A Second Order Virtual Node Algorithm for Stokes Flow Problems with Interfacial Forces and Discontinuous Material Properties

Abstract

We present a numerical method for the solution of the Stokes equations that handles interfacial discontinuities due to both singular forces and discontinuous fluid properties such as viscosity and density. The discretization couples a Lagrangian representation of the material interface with an Eulerian representation of the fluid velocity and pressure. The method is efficient, easy to implement and yields discretely divergence-free velocities that are second order accurate. No knowledge of the jumps on the fluid variables and their derivatives is required along the interface. We discretize the equations using an embedded approach on a uniform MAC grid employing virtual nodes and duplicated cells at the interfaces.
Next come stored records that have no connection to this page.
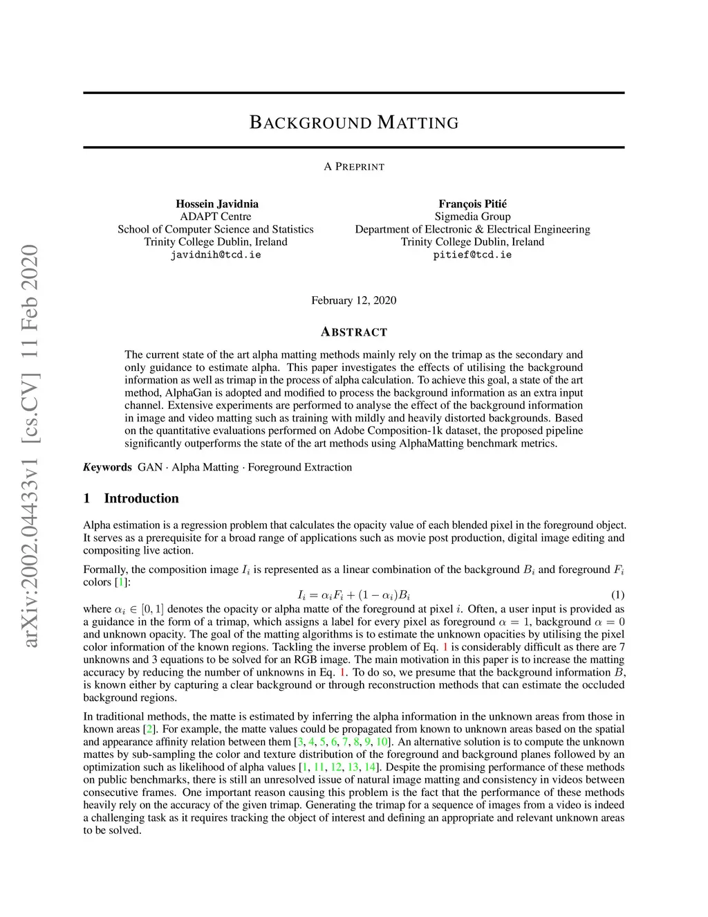 The current state of the art alpha matting methods mainly rely on the trimap as the secondary and only guidance to estimate alpha. This paper investigates the effects of utilising the background information as well as trimap in the process of alpha calculation. To achieve this goal, a state of the art method, AlphaGan is adopted and modified to process the background information as an extra input channel. Extensive experiments are performed to analyse the effect of the background information in image and video matting such as training with mildly and heavily distorted backgrounds. Based on the quantitative evaluations performed on Adobe Composition-1k dataset, the proposed pipeline significantly outperforms the state of the art methods using AlphaMatting benchmark metrics.
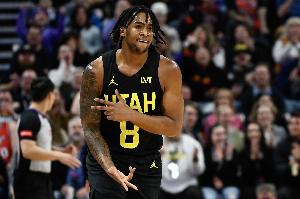 上半場,爵士球員森薩博狀態(tài)火熱,首節(jié)就拿下21分,半場不到就刷新賽季新高,在15分鐘的時間里,投籃13中10,三分球6中4,罰球4中4,轟下28分1籃板2搶斷的數(shù)據(jù)。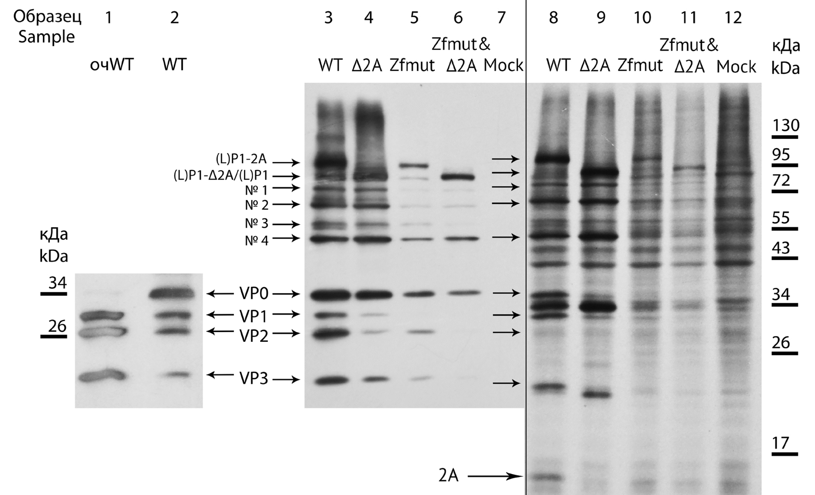 Materials and methods. Mutant variants of EMCV-1 were obtained to study the properties of L and 2A viral proteins: Zfmut, which has a defective L; Δ2A encoding a partially deleted 2A; Zfmut&Δ2A containing mutations in both proteins. Translational processes in infected cells were studied by Western-blot and the pulse method of incorporating radioactively labeled amino acids (14C) into newly synthesized proteins, followed by radioautography.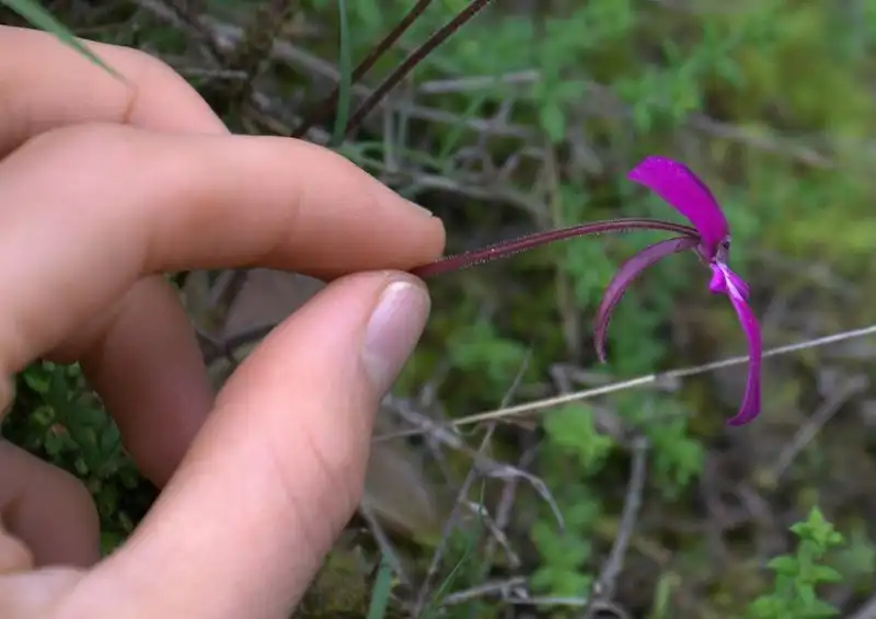 A comparison of the spurs is also interesting. The spur of the second plant was narrow, long, and relatively straight :

These additional degrees of freedom allow for accurate resolution of discontinuities in the fluid stress at the material interface but require a Lagrange multiplier term to enforce continuity of the fluid velocity. We provide a novel discretization of this term that accurately resolves the constant pressure null modes. We show that the accurate resolution of these modes accelerates the overall speed of our simulations. Interfaces are represented with a hybrid Lagrangian/level set method. The discrete coupled equations for the velocity, pressure and Lagrange multipliers are in the form of a symmetric KKT system. Numerical results indicate second order accuracy for the velocities and first order accuracy for the pressure (in L1).